By Jason Riley jriley@courier-journal.com
The Courier-Journal [Louisville KY]
Downloaded November 15, 2003

A Jefferson Circuit Court judge has allowed one of 12 lawsuits remaining against the Roman Catholic Archdiocese of Louisville to move forward, despite the church's claim that it was filed years too late.

Judge Thomas Wine on Thursday denied the archdiocese's motion for summary judgment in the case of Kyle Burden, the only plaintiff who opted out of the $25.7million settlement of sexual-abuse lawsuits. The judge ruled that the church failed to prove that Burden hadn't filed his lawsuit in a timely fashion.

Burden said he was ecstatic with the decision and hopes his lawsuit will bring answers to the questions he has for Archbishop Thomas Kelly. "I want to know how he could allow this to happen to so many people," he said. "I want to know how he could let priests who victimized children continue to operate in the archdiocese."

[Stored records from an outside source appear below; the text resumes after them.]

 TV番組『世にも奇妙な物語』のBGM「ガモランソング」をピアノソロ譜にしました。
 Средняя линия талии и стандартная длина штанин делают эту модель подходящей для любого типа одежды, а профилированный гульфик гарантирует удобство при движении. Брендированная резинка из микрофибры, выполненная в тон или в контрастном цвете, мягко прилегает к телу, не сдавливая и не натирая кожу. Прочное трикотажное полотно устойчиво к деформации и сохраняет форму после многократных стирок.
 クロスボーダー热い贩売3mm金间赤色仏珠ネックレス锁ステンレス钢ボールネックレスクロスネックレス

Burden said he and his attorney, Wallace Rogers, would ask for a trial date this month with the hope of taking Kelly's deposition in December.

Archdiocesan spokeswoman Cecelia Price said that she had not seen the ruling and that the church does not discuss pending litigation

It is unclear whether Wine's decision will be a signal of things to come for the remaining lawsuits against the church. But the church has offered a similar argument in other lawsuits, that the complaints were filed too late.

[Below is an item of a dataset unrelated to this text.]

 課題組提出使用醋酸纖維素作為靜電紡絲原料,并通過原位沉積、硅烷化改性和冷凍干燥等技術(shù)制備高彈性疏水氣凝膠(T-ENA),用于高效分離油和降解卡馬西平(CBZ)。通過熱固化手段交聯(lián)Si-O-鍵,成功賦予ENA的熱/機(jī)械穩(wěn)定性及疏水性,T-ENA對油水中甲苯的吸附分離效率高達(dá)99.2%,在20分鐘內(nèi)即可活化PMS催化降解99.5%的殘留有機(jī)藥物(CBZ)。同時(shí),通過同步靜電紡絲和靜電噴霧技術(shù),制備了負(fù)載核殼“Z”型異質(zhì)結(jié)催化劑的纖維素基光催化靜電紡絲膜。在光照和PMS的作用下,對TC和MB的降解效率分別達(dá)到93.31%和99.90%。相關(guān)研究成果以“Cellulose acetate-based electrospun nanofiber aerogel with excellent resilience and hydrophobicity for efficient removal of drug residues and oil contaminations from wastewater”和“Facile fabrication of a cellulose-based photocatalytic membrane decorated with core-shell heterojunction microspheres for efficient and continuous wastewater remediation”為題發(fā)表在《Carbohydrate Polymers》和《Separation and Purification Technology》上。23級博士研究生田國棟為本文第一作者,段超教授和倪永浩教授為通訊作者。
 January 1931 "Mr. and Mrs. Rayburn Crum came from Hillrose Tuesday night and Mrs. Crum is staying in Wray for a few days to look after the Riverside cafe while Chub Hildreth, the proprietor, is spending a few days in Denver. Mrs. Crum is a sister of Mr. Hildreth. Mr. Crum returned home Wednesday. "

Rogers said Burden's suit was slightly different from other pending cases, in that the church claimed Burden should have come forward more than a decade ago, before it was widely known that the archdiocese had known about abuse by priests.

Burden's suit accuses the Rev. Daniel Clark of fondling him in 1982 after Burden, then 12, got a bloody nose while playing softball at St. Rita, where he attended school and Clark was a priest. Burden alleged Clark drove him home and fondled him.

Clark pleaded guilty in 1988 to sexually abusing two boys in 1981 and 1982. He is serving a 10-year prison sentence he received this summer in Bullitt Circuit Court on sexual abuse charges. Since the media covered the 1980s allegations and convictions, Burden was put on notice to file suit, and the statute of limitations began to run, the church claimed.

But Rogers argued that Burden couldn't know that the church knew about Clark's pedophilia beforehand, and that in 1983 the archdiocese sent Clark to counseling. Burden has argued that he didn't learn of Clark's pattern of abuse and the archdiocese's knowledge of it until he read it in newspaper articles last year.

Wine ruled that it was unclear whether Burden, who was enlisted in the Army from December 1987 until 1989, had knowledge of Clark's conviction and knew that he had a claim against the church.

Rogers said he hopes to get a trial date for early next year.

Burden's case is the only one remaining to accuse the archdiocese of concealing abuse by a priest who had been convicted criminally before the surge of more than 250 lawsuits that began in April 2002.